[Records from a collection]
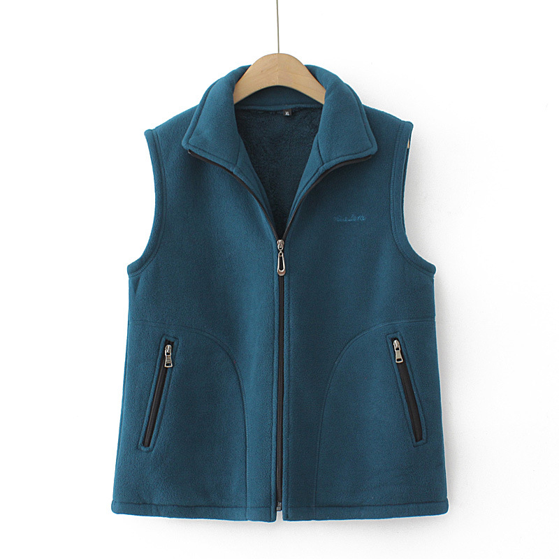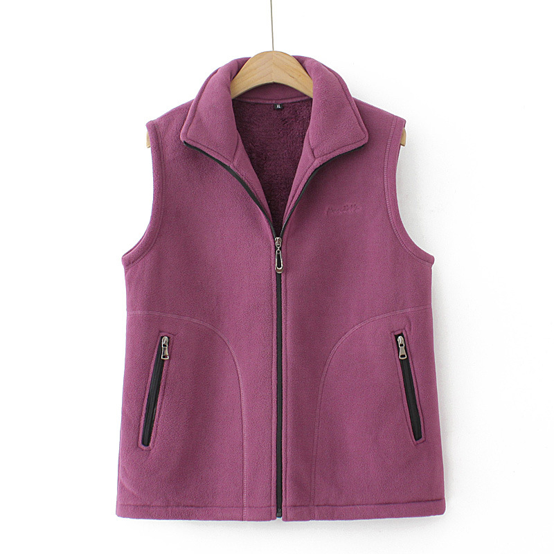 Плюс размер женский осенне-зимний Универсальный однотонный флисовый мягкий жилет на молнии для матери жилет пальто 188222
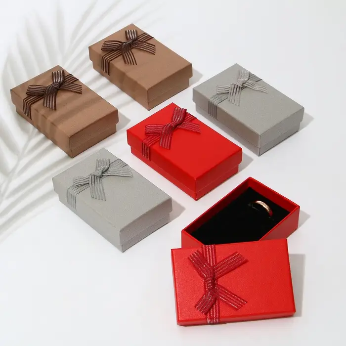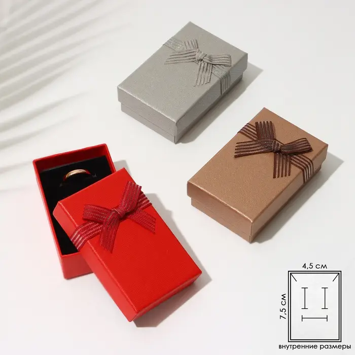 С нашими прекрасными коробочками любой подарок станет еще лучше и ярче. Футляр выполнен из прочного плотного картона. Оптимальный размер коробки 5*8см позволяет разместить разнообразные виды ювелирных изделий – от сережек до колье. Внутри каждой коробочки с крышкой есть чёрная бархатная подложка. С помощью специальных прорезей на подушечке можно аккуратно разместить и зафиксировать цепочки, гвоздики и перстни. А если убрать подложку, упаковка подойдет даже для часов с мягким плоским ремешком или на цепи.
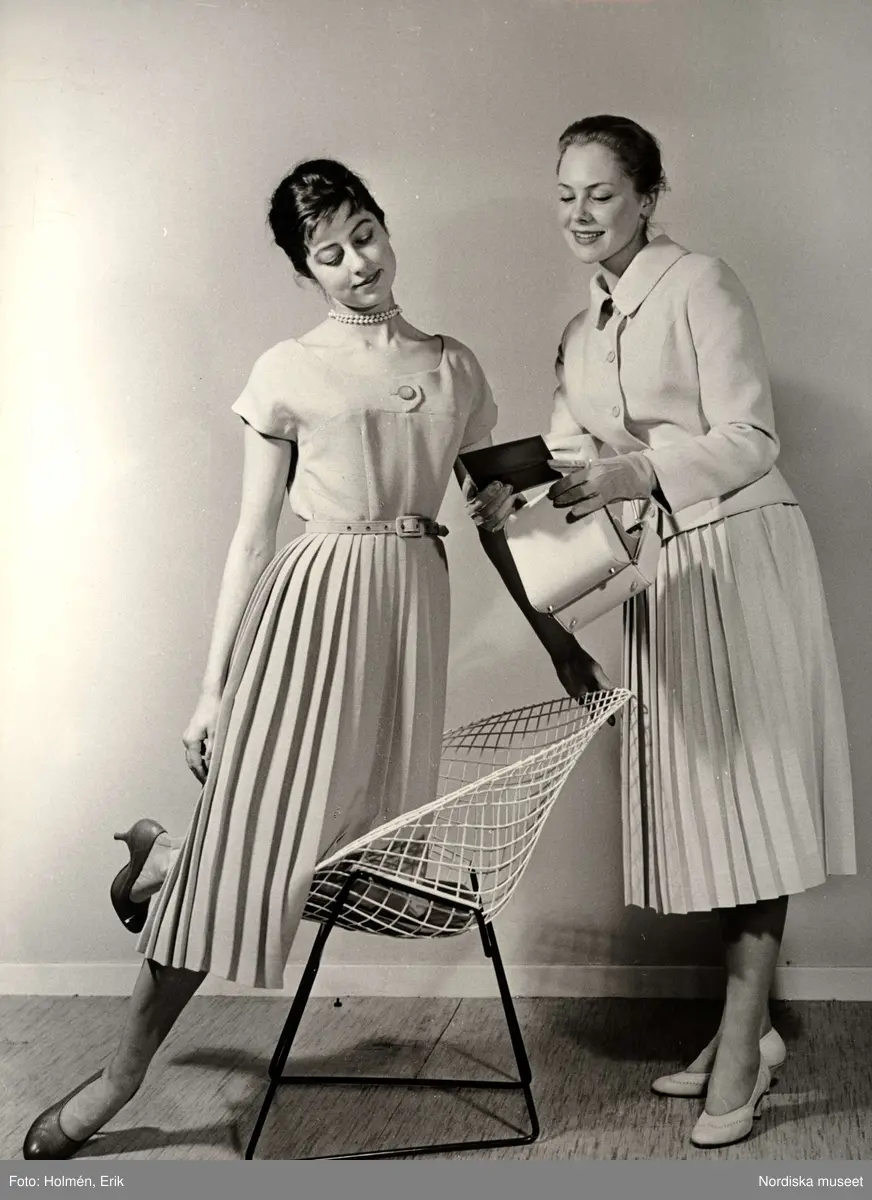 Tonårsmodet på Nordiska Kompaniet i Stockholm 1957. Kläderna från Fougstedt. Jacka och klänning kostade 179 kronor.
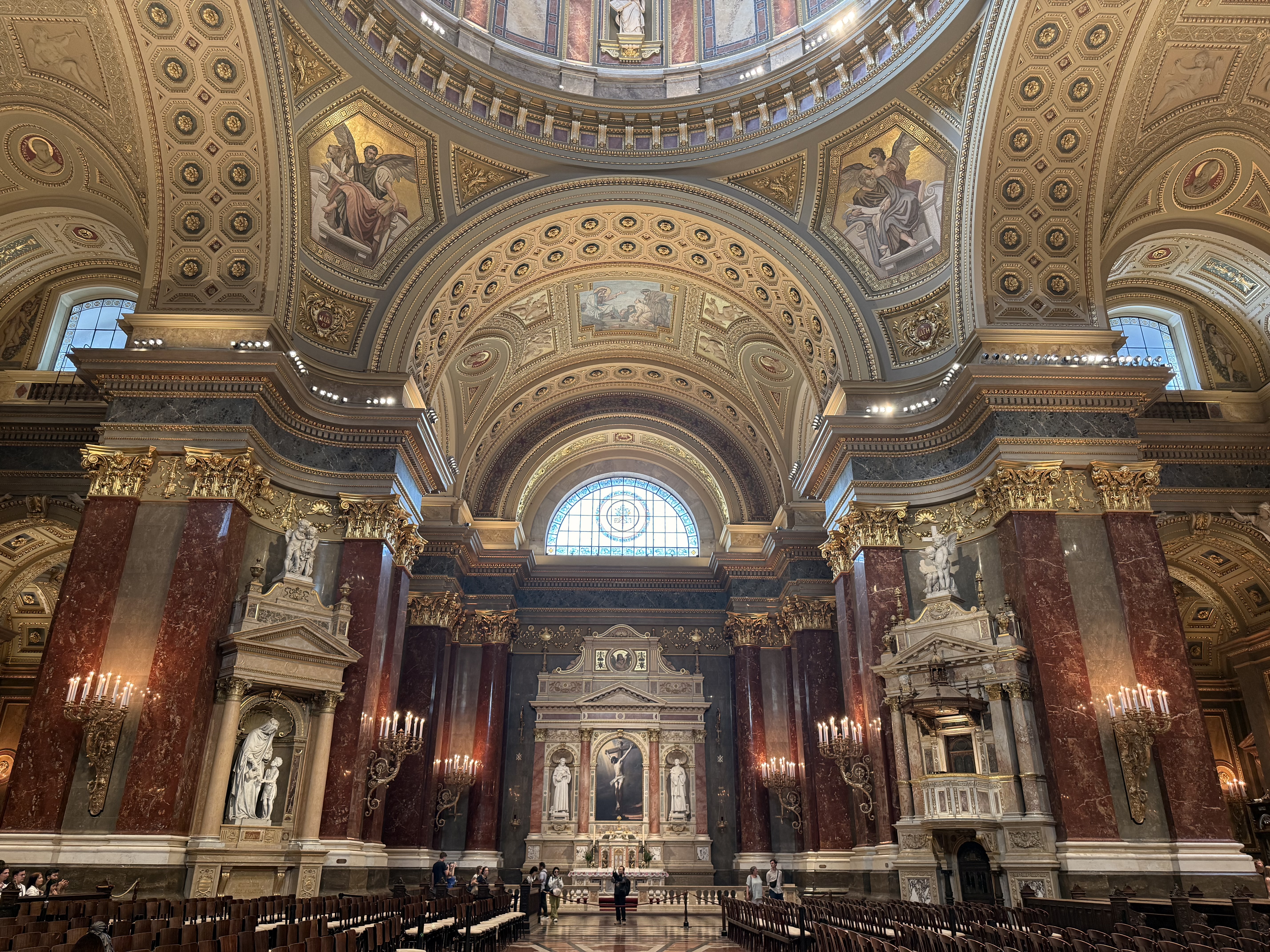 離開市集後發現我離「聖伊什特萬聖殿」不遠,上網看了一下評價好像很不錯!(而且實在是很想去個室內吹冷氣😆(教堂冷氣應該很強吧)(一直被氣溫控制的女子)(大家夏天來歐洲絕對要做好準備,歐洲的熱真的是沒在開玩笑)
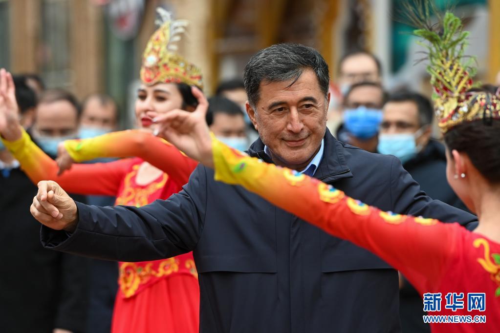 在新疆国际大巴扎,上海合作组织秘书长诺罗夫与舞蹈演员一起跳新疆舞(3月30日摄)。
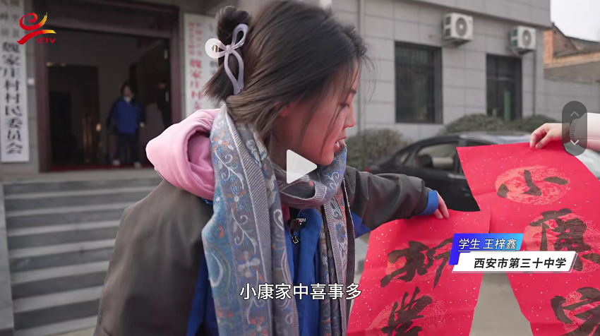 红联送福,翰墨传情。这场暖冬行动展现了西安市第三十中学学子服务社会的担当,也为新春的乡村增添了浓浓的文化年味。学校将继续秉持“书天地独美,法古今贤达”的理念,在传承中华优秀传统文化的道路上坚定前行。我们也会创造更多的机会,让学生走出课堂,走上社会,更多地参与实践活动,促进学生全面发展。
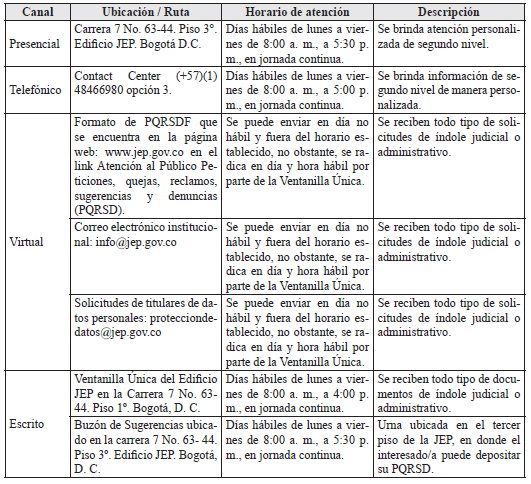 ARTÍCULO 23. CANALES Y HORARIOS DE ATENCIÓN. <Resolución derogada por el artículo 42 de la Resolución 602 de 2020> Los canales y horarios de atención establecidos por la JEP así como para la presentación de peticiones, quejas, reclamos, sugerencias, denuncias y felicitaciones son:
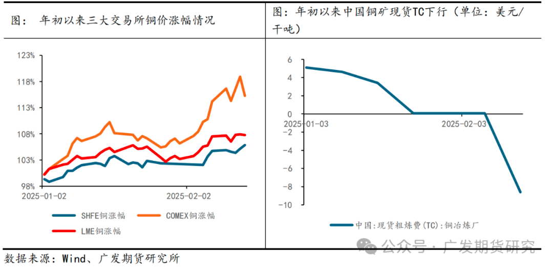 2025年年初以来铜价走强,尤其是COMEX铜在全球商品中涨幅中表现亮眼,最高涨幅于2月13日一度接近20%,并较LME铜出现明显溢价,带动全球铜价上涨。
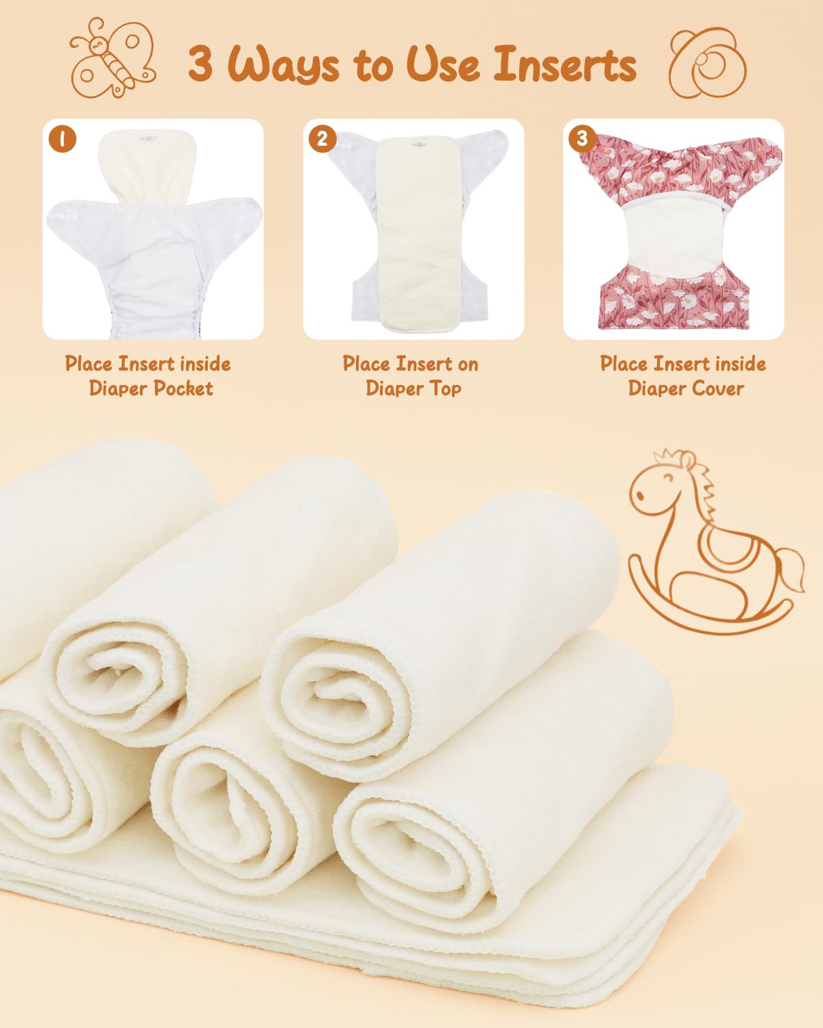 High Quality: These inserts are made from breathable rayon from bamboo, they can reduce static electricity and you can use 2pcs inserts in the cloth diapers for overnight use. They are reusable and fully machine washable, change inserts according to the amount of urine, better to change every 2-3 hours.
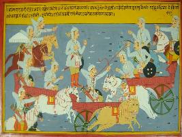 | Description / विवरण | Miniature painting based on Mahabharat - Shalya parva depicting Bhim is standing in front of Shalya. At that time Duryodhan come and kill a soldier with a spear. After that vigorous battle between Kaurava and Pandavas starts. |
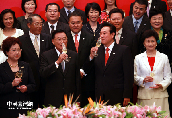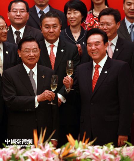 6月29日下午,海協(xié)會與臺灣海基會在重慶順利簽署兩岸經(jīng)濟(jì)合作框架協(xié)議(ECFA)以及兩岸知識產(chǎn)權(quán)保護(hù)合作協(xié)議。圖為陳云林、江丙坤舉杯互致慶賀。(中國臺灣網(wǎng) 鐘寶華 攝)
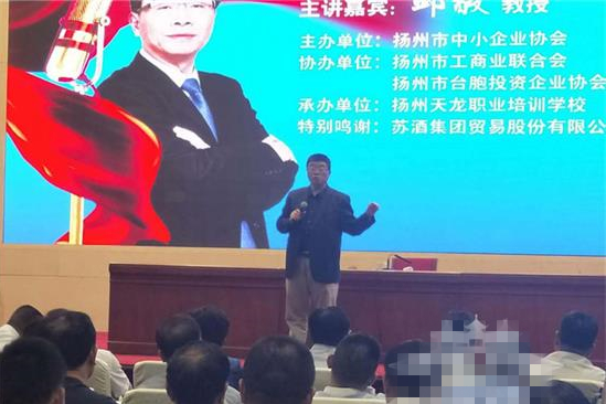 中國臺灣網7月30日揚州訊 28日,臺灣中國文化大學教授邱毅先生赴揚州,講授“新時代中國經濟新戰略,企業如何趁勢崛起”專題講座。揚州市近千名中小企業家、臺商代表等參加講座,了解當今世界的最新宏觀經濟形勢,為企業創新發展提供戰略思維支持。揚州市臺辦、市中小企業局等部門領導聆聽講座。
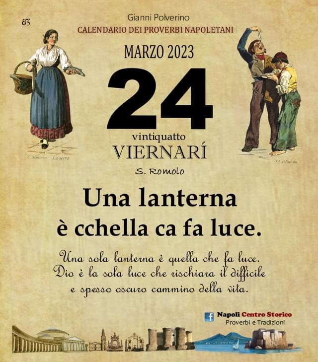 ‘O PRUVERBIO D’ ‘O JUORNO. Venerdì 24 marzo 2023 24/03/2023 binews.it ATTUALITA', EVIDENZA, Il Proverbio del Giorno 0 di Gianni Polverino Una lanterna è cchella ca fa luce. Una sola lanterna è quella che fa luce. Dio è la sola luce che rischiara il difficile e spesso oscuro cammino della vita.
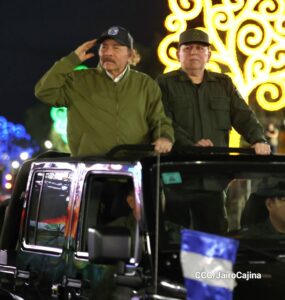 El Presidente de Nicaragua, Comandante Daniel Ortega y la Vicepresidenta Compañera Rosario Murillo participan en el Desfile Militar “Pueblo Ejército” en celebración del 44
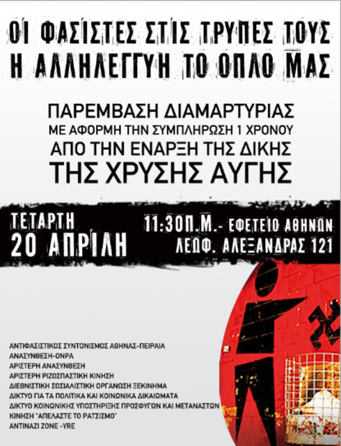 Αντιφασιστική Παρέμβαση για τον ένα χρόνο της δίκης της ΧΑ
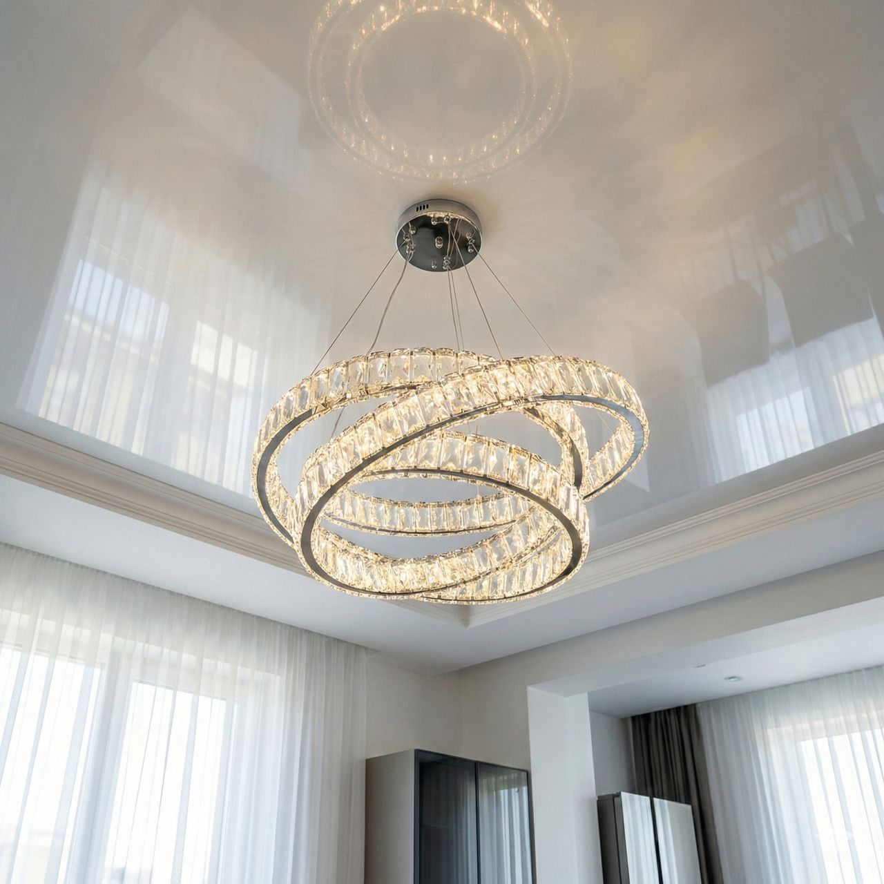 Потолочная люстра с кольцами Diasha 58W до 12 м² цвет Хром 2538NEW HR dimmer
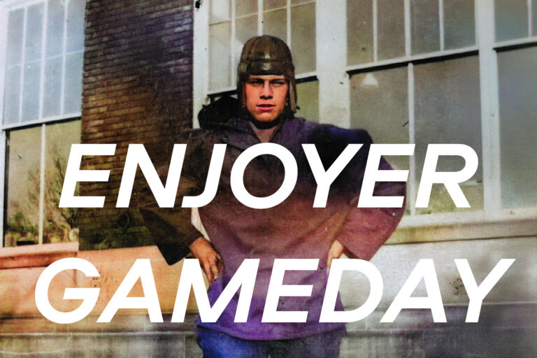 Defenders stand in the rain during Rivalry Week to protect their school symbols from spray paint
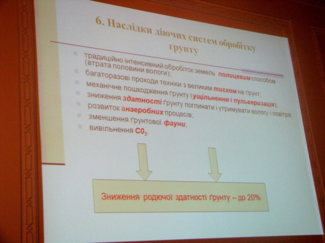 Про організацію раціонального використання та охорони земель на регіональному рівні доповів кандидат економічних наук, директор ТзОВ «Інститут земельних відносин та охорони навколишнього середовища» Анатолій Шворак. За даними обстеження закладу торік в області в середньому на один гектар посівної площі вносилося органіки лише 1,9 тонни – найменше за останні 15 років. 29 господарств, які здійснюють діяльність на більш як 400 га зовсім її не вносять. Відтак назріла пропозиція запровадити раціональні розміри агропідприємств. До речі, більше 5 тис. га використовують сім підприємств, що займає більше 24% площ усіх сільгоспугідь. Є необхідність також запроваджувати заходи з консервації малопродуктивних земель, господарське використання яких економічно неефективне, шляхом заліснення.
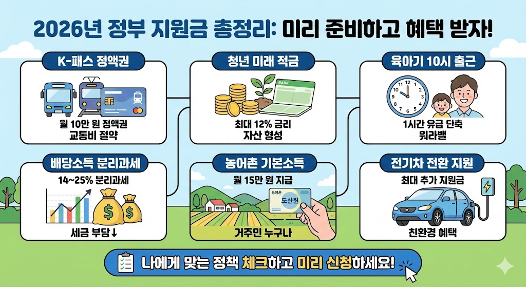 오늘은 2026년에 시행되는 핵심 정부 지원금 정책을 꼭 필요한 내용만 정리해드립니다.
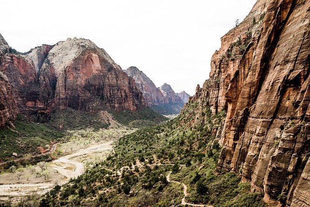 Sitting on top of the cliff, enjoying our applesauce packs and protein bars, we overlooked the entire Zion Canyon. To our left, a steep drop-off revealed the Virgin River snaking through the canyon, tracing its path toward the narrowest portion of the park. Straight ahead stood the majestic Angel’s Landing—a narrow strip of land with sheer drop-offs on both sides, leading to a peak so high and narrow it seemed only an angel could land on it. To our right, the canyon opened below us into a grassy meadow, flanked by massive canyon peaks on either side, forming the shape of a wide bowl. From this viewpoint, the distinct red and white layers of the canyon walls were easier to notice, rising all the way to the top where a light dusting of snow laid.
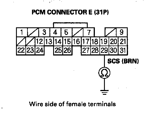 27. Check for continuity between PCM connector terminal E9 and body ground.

◆ Exercise directions: A faithful copy of every record is required, with no pictures included.

◆ Answer box:
 Плюс размер женский осенне-зимний Универсальный однотонный флисовый мягкий жилет на молнии для матери жилет пальто 188222
 С нашими прекрасными коробочками любой подарок станет еще лучше и ярче. Футляр выполнен из прочного плотного картона. Оптимальный размер коробки 5*8см позволяет разместить разнообразные виды ювелирных изделий – от сережек до колье. Внутри каждой коробочки с крышкой есть чёрная бархатная подложка. С помощью специальных прорезей на подушечке можно аккуратно разместить и зафиксировать цепочки, гвоздики и перстни. А если убрать подложку, упаковка подойдет даже для часов с мягким плоским ремешком или на цепи.
 Tonårsmodet på Nordiska Kompaniet i Stockholm 1957. Kläderna från Fougstedt. Jacka och klänning kostade 179 kronor.
 離開市集後發現我離「聖伊什特萬聖殿」不遠,上網看了一下評價好像很不錯!(而且實在是很想去個室內吹冷氣😆(教堂冷氣應該很強吧)(一直被氣溫控制的女子)(大家夏天來歐洲絕對要做好準備,歐洲的熱真的是沒在開玩笑)
 在新疆国际大巴扎,上海合作组织秘书长诺罗夫与舞蹈演员一起跳新疆舞(3月30日摄)。
 红联送福,翰墨传情。这场暖冬行动展现了西安市第三十中学学子服务社会的担当,也为新春的乡村增添了浓浓的文化年味。学校将继续秉持“书天地独美,法古今贤达”的理念,在传承中华优秀传统文化的道路上坚定前行。我们也会创造更多的机会,让学生走出课堂,走上社会,更多地参与实践活动,促进学生全面发展。
 ARTÍCULO 23. CANALES Y HORARIOS DE ATENCIÓN. <Resolución derogada por el artículo 42 de la Resolución 602 de 2020> Los canales y horarios de atención establecidos por la JEP así como para la presentación de peticiones, quejas, reclamos, sugerencias, denuncias y felicitaciones son:
 2025年年初以来铜价走强,尤其是COMEX铜在全球商品中涨幅中表现亮眼,最高涨幅于2月13日一度接近20%,并较LME铜出现明显溢价,带动全球铜价上涨。
 High Quality: These inserts are made from breathable rayon from bamboo, they can reduce static electricity and you can use 2pcs inserts in the cloth diapers for overnight use. They are reusable and fully machine washable, change inserts according to the amount of urine, better to change every 2-3 hours.
 | Description / विवरण | Miniature painting based on Mahabharat - Shalya parva depicting Bhim is standing in front of Shalya. At that time Duryodhan come and kill a soldier with a spear. After that vigorous battle between Kaurava and Pandavas starts. |
 6月29日下午,海協(xié)會與臺灣海基會在重慶順利簽署兩岸經(jīng)濟(jì)合作框架協(xié)議(ECFA)以及兩岸知識產(chǎn)權(quán)保護(hù)合作協(xié)議。圖為陳云林、江丙坤舉杯互致慶賀。(中國臺灣網(wǎng) 鐘寶華 攝)
 中國臺灣網7月30日揚州訊 28日,臺灣中國文化大學教授邱毅先生赴揚州,講授“新時代中國經濟新戰略,企業如何趁勢崛起”專題講座。揚州市近千名中小企業家、臺商代表等參加講座,了解當今世界的最新宏觀經濟形勢,為企業創新發展提供戰略思維支持。揚州市臺辦、市中小企業局等部門領導聆聽講座。
 ‘O PRUVERBIO D’ ‘O JUORNO. Venerdì 24 marzo 2023 24/03/2023 binews.it ATTUALITA', EVIDENZA, Il Proverbio del Giorno 0 di Gianni Polverino Una lanterna è cchella ca fa luce. Una sola lanterna è quella che fa luce. Dio è la sola luce che rischiara il difficile e spesso oscuro cammino della vita.
 El Presidente de Nicaragua, Comandante Daniel Ortega y la Vicepresidenta Compañera Rosario Murillo participan en el Desfile Militar “Pueblo Ejército” en celebración del 44
 Αντιφασιστική Παρέμβαση για τον ένα χρόνο της δίκης της ΧΑ
 Потолочная люстра с кольцами Diasha 58W до 12 м² цвет Хром 2538NEW HR dimmer
 Defenders stand in the rain during Rivalry Week to protect their school symbols from spray paint
 Про організацію раціонального використання та охорони земель на регіональному рівні доповів кандидат економічних наук, директор ТзОВ «Інститут земельних відносин та охорони навколишнього середовища» Анатолій Шворак. За даними обстеження закладу торік в області в середньому на один гектар посівної площі вносилося органіки лише 1,9 тонни – найменше за останні 15 років. 29 господарств, які здійснюють діяльність на більш як 400 га зовсім її не вносять. Відтак назріла пропозиція запровадити раціональні розміри агропідприємств. До речі, більше 5 тис. га використовують сім підприємств, що займає більше 24% площ усіх сільгоспугідь. Є необхідність також запроваджувати заходи з консервації малопродуктивних земель, господарське використання яких економічно неефективне, шляхом заліснення.
 오늘은 2026년에 시행되는 핵심 정부 지원금 정책을 꼭 필요한 내용만 정리해드립니다.
 Sitting on top of the cliff, enjoying our applesauce packs and protein bars, we overlooked the entire Zion Canyon. To our left, a steep drop-off revealed the Virgin River snaking through the canyon, tracing its path toward the narrowest portion of the park. Straight ahead stood the majestic Angel’s Landing—a narrow strip of land with sheer drop-offs on both sides, leading to a peak so high and narrow it seemed only an angel could land on it. To our right, the canyon opened below us into a grassy meadow, flanked by massive canyon peaks on either side, forming the shape of a wide bowl. From this viewpoint, the distinct red and white layers of the canyon walls were easier to notice, rising all the way to the top where a light dusting of snow laid.
 27. Check for continuity between PCM connector terminal E9 and body ground.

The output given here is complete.